Photo: Aya Kawachi / Text: Emi Fukushima

入社直後から店舗に

「空気を和やかに、人間関係を良好にというのは大前提。そのうえで、スタッフたちの将来を考えたい」。そう話すのは、代々木上原のフレンチレストラン・sioを中心に、5店舗、総勢36名のスタッフを率いるsio株式会社のオーナーシェフ・鳥羽周作さん。料理人の働き方を変えるべく業界の先頭に立ち、やさしい職場作りを考え、実践している。

例えば、若手の教育。「通常10年かかる修業期間を半分にしてあげたい」という鳥羽さんの下、トライ&エラーを繰り返せるよう、未経験の新人も入社早々店舗に立ち調理の一部を担当する。経験の浅いスタッフに任せることで、店の味に影響は出ないのだろうか。
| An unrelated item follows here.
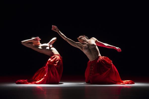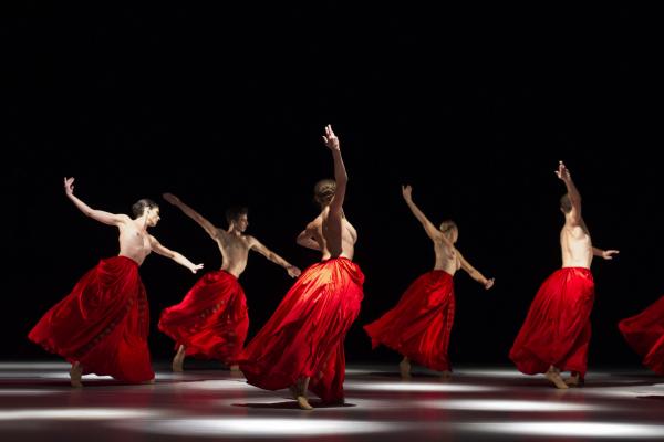 Chez lui, les jeux de rideaux ressemblent à des chausse-trapes, des ellipses qui, plutôt que morceller la vision, instillent une sorte de nostalgie de la disparition. Sa gestuelle, toujours à fleur d’émotion, sublime le corps des danseurs, attirant l’œil sur quelque détail fugitif. Graphique ou organique, ce sont toujours les rapports – principalement de couples – qui animent ses chorégraphies. Dans Bella Figura, la mise en scène est somptueuse. Les jupes rouges qui virevoltent, les lumières et les flammes qui nimbent les corps, tout concourt à créer des images d’une esthétique parfaite. Le duo final, avec ces haussements légers d’épaules en silence, et dans la pénombre est un morceau d’anthologie.

代々木上原フレンチレストラン・sioの20代30代を中心とするスタッフ
20代30代を中心とするsioのスタッフたち。ある一定レベルまでは「質より量」との考え方から、若手のスタッフも積極的に厨房へ立つ。

鳥羽さんいわく、質を担保するためには「レシピではなく“イズム”を共有する」ことが大事。「肉じゃがを作るとしたら、僕はおいしい肉じゃがの特徴を説明します。お肉は甘く、ジャガイモはなめらかで、甘じょっぱい味だ、と。ゴールを共有すると、やるべきことが逆算できる。レシピの丸暗記と違って一度腹落ちすれば、手順を忘れる心配もありません」と鳥羽さん。その効果を物語るように、sio創業以来の連日満員記録は依然として保たれている。
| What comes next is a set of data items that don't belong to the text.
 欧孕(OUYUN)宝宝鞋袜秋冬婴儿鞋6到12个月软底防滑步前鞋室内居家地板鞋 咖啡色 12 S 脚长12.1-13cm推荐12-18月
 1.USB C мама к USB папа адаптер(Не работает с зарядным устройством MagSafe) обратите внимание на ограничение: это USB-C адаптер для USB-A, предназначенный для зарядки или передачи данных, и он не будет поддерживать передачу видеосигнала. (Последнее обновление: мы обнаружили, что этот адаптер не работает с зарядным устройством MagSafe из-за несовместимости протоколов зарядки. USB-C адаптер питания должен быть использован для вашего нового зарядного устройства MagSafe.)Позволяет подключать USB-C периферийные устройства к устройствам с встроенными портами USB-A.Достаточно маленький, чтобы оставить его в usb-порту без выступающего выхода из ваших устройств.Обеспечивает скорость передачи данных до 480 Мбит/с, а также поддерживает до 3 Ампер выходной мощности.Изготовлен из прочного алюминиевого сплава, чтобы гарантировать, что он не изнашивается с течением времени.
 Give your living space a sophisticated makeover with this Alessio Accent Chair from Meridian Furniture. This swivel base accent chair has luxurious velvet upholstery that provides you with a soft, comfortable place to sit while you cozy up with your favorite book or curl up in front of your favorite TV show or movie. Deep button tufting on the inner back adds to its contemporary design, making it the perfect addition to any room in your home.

また、スタッフたちに相応の対価を支払うことも、大切にしていることの一つ。修業時代、経済的に苦しんだ鳥羽シェフ自身の経験を教訓に、スタッフ全員に対して、一般的な飲食の水準より高い給与を支払う体制作りに励んでいる。

「料理の世界って、修業時代は薄給で当たり前という価値観があります。師事するシェフの教え方はやさしくても、生活が立ち行かなければ元も子もない。料理人の仕事の価値を高めるためには必要なことです」

一方で、安定した環境では競争原理が働かず、一人前に育たない可能性も。しかし、鳥羽シェフは料理の質やスタッフの成長、働きやすさが成立するように意識しているという。そして、スタッフの希望や特性によっては、新しい「ポスト」まで作り出してしまうこともある。
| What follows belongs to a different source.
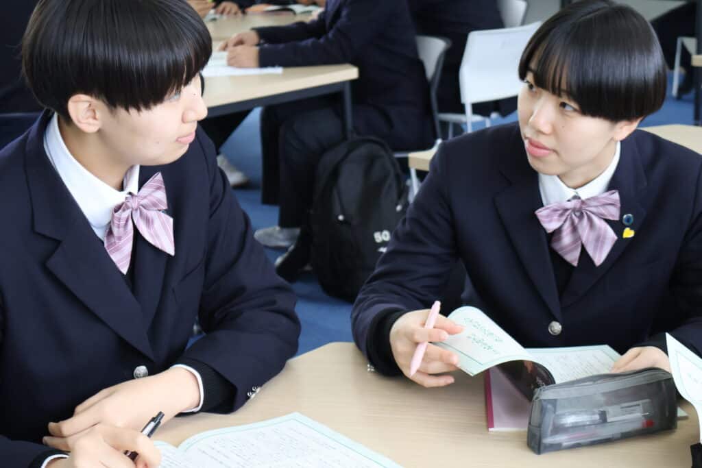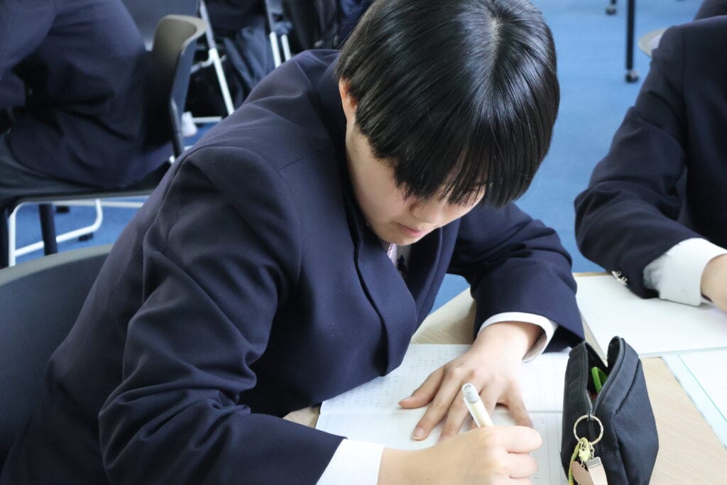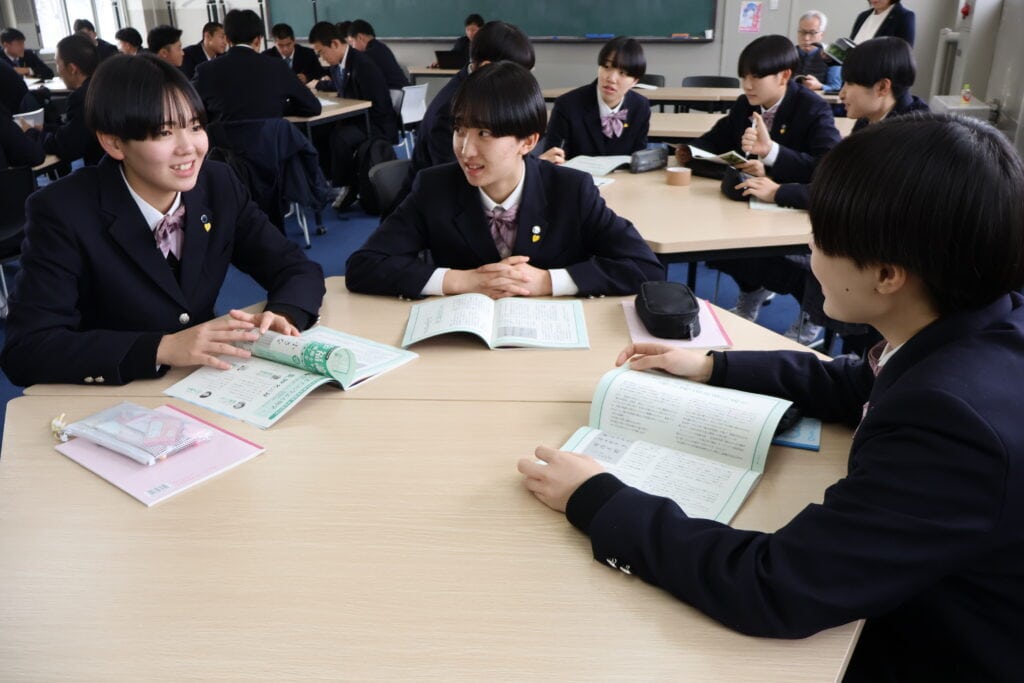 生徒たちは事前に文章を読み、心に残った部分をノートにまとめて参加しました。グループでの話し合いでは、

「地道な作業が得意な人もいれば、発想が面白い人もいる。料理をゴールに絞って脱落するのはもったいないので、個性に合った居場所を提供したいなと」

例えば、「仕掛け人」を名乗るのは、折田拓哉さん。料理人を志してsioの門を叩いたが、今は広報を中心にsioのブランディング業務に携わり、広告塔として活躍中。「挑戦の機会をもらえて、感謝しています。自分なりの居場所も見つかりました」と折田さん。

「やさしさは、想像力と愛情」。そう言い切る鳥羽シェフは続ける。

「全員が生き生きと働けなければ、最高の料理も提供できません。お客さんのためにも最適な環境を考え続けることが、僕の役割だと思います」

現場を育てるやさしいルール

1.未経験の新人も、入社後すぐに店舗へ。

2.料理は、理想の味を要素に分解し、言語化。

3.スタッフの素質に応じて、新たな「ポスト」を作る。

sioの鳥羽周作シェフ
「レモンは香りが強い方がいいよね」と鳥羽周作シェフ(左)。空いた時間を見つけてはスタッフとコミュニケーションをとり、味の価値観を共有。